Scientists and doctors agree that the real cause of attention deficit/hyperactivity disorder (ADHD) is still unknown. General consensus among these communities is that ADHD has a biological nature. Many persons accordingly believe that it results from a chemical imbalance in the brain. The wide use of stimulants, and their subsequent success, to treat ADHD suggests that a difference in composition between the brains of ADHD and non-ADHD people. In the past, researchers have primarily concentrated on two possible causes for this: genetics and environment. New data from a group of international researchers, however, proposes that genetic abnormalities are significant components of ADHD.
Composition of ADHD
A new explanation for ADHD has resulted from a team of researchers based out of Cardiff University, Wales. They have identified an excess of large, rare copy number variants (CNVs) in children with ADHD compared to control participants. Specifically, children with ADHD had more than twice the average number of CNVs. According to researchers, CNVs are pieces of DNA that are either missing or extraneous in the chromosomes. These have also been found to contribute to such neurodevelopment disorders as schizophrenia, epilepsy and autism. The discovery of CNVs prompted researchers to analyze 306 children diagnosed with ADHD but without schizophrenia or autism.
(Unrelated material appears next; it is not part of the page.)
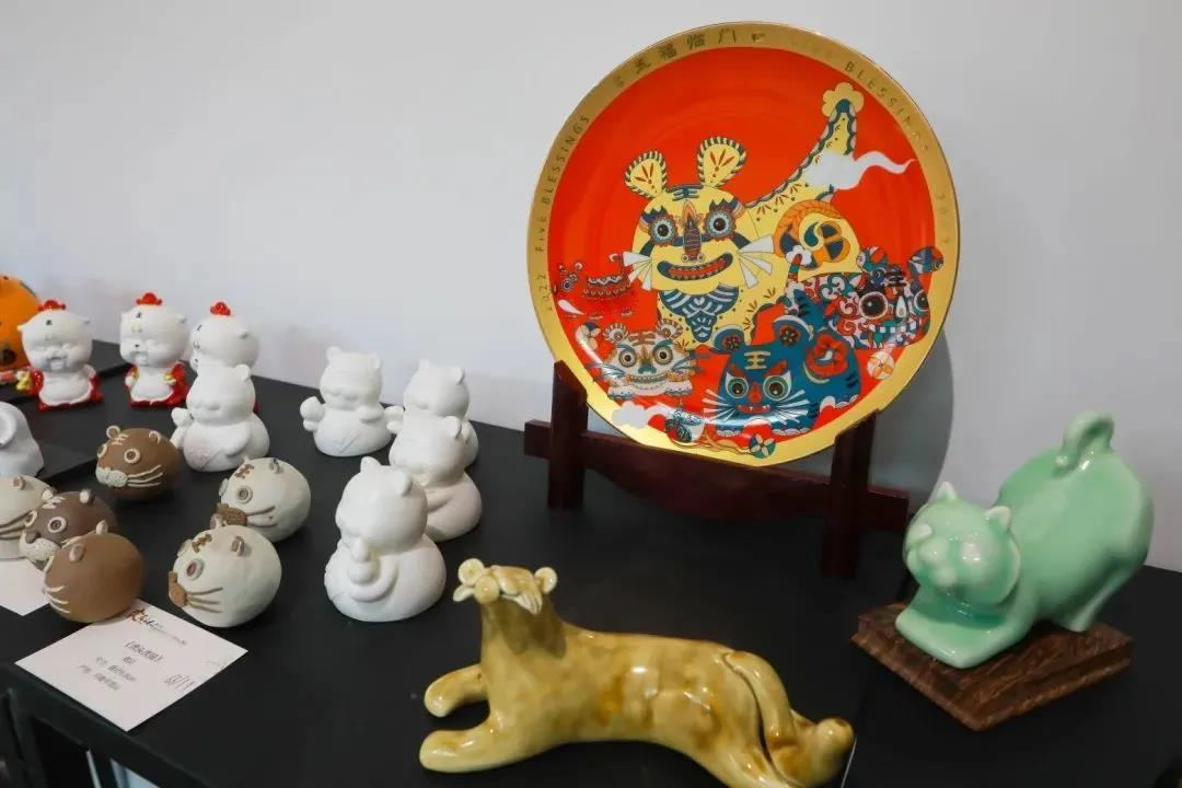 “威虎上山”寓意传统与现代过渡时期,展区内的生肖虎作品趋于做工的精致,造型、釉色的简练,但品类更为丰富,虎的形象开始趋于温和、敦厚,身形开始追求饱满、圆润,拉近了与观者在情感上的距离。“稚虎潜行”寓意当下文化创意设计时期,此区域作品具有拟人化、趣味性等特征,虎的表情与形态变得前所未有的丰富。

"Our first aim was to examine whether children with ADHD had an increased burden of CNVs compared with controls and to test whether this increase was attributable to associated intellectual disability since ADHD, similarly to autism and schizophrenia, occurs with increased frequency in individuals with intellectual disability," the researchers explained. They then wanted to investigate if CNVs from the ADHD sample were also linked to autism and schizophrenia, as previously implicated.
Results from the Study
One outcome of the study is that specific genes have been identified as underlying factors of ADHD. Experts assure that someone with these genes will not necessarily have ADHD, but rather that they could.
"This tells us that there is a biological marker that tells us that this person is susceptible to develop this disease," stated Dr. Robert Marion, chief of genetics and developmental medicine at the Children's Hospital at Montefiore. The study also suggests a shared biological foundation between ADHD and autism. This is because of the discovery of mutual genetic characteristics. Researchers further found genetic overlaps with schizophrenia. Dr. Marion states that persons can now concede ADHD is "not purely a social construct. It's a real hard and true disorder."
On the other hand, the study does not rule out environmental factors. Researchers continue to speculate that specific environments determine whether a person with the right genetic variations go on to develop ADHD, autism, schizophrenia or nothing at all. Genetic testing may also help determine what people are susceptible to ADHD or other conditions. This can help prepare parents for managing the disorder in their children. Other studies also support that ADHD appears to run in families.
Researchers indicate that between 10 and 35 percent of children with ADHD have a first-degree relative with past or present symptoms. Approximately half of parents who have been diagnosed with ADHD themselves will also have a child with the condition. Finally, studies of twins suggest a genetic element to ADHD. If the disorder is present in one twin, it is significantly more likely to be present in an identical twin than in a fraternal twin. These results are present even when the twins have been raised separately.